Calculation of ERS/ASAR intensity in dB and reduce noises

Hi all, I want to calculate intensity value (in dB unit) of both ERS and ASAR images, currently I use the workflow of 1. Apply orbit file 2. Calibration (to dB) 3. Speckle filtering 4. Range-Doppler terrain correction. Is this suitable for these two sensors? or did I miss other corrections?
Also, compared to Sentinel-1, a much higher noise level can be seen in these images. Therefore, the boundary between land and sea is not clear. I wonder is there any suggestion for reducing the noisy level or enhancing the land/sea intensity difference?

Thanks!
Allen

Calibration is the most important step. There can still be differences regarding the backscattering intensity when the look direction is different (ascending and descending) - is this the case here?

Can you please post a screenshot on the noise land/sea boundary?

Hi ABraun, thanks for the response.
unfortunatedly the look direction is not the problem here, as all ERS/ASAR/S1 are descending. And I wonder generally a calm sea surface would have a much lower backscatter value in both ascending/descending direction right?

Below are the snapshots of intensity of ERS and S1, both in dB with a same min/max scale. Although of course they are taken at different time, yet the sea surface is much noisy in ERS image.

I think this entirely depends on the smoothness of the water surface at the time of image acquisition.
Additionally, the contrast between land and water is reduced in the log scale (dB) and maybe higher in the linear scale.

Initially I also consider it might be a unique case, but after checking I found that all available scenes of ERS are much noisier than Sentinel-1…
Regarding the linear scale, would you recommend gamma0 or beta0, or it doesn’t matter for the water surface?

for water areas, the calibration level does not really make a difference (except for very large ocean areas where Simga0 reduces the effect of the incidence angle compared to Beta0).

Conversion to dB needs to be the last step, otherwise the output will be biased.

Hi mengdahl, you mean converting to dB should be processed after terrain correction? Yet I wonder the geocoding would significantly distort the image details? Also, then in which condition should I select the “to dB” option in Calibration?

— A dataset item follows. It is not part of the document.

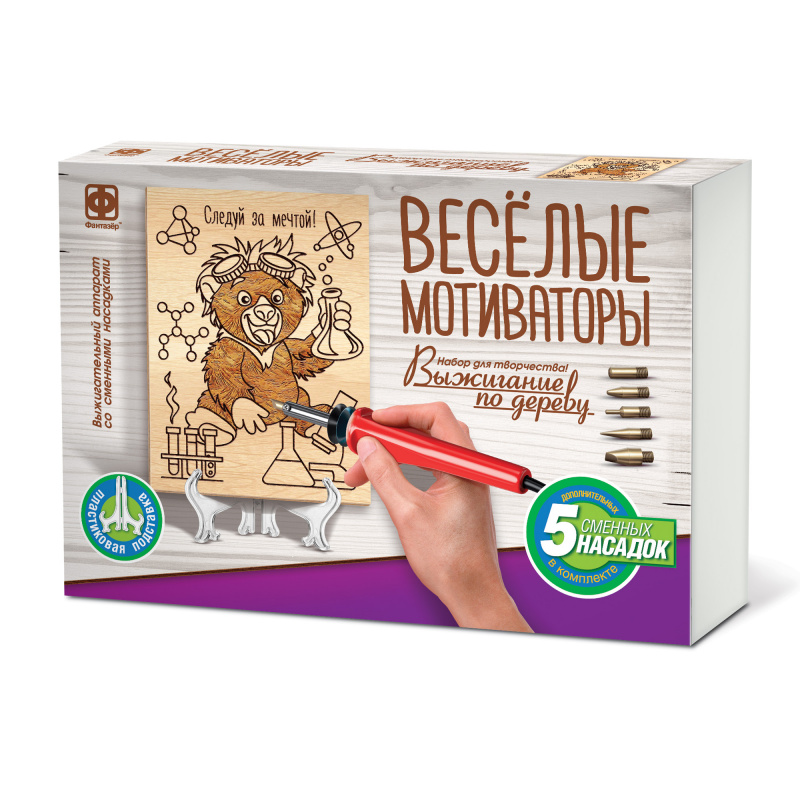 Набор для творчества "выжигание по дереву ВЕСЕЛЫЕ МОТИВАТОРЫ" - это создание с помощью техники "выжигание" забавных деревянных картинок, которые каждый день будут напоминать, что жизнь прекрасна и мотивировать всех членов семьи улыбаться чаще! Особенно если картинку разместить на видном месте или установить на любой полочке с помощью пластикового мольберта.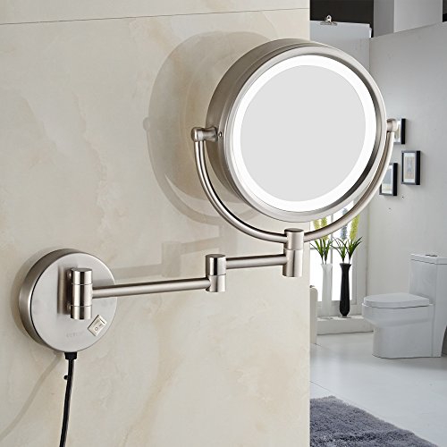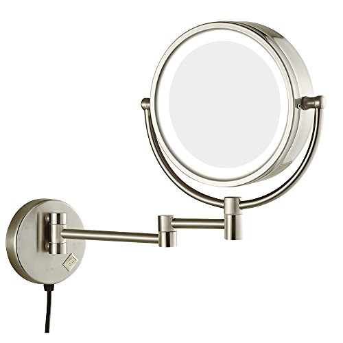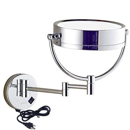 GURUN 8.5 Inch LED Lighted Wall Mount Makeup Mirrors with 5x Magnification,Chrome M1809D(8.5in,5x)

Yes, conversion to dB should always be the last step, so if calibration is your last step, you can choose dB. The reason is that interpolation, calculating the mean etc. should always take place in the linear scale. If you want to obtain the correct mean backscatter of a ROI in dB, you need to calculate the mean in linear scale and then convert the result to dB, otherwise you obtain a biased value.

Terrain correction moves the pixels around to correct geographical coordinates and unless you choose “nearest neghbour”, interpolation of pixel values will take place. If you terrain correct an image that is already in dB the interpolated pixel values will be biased. So always convert to dB at the very end.

Understood! Thank you for the detailed explanation!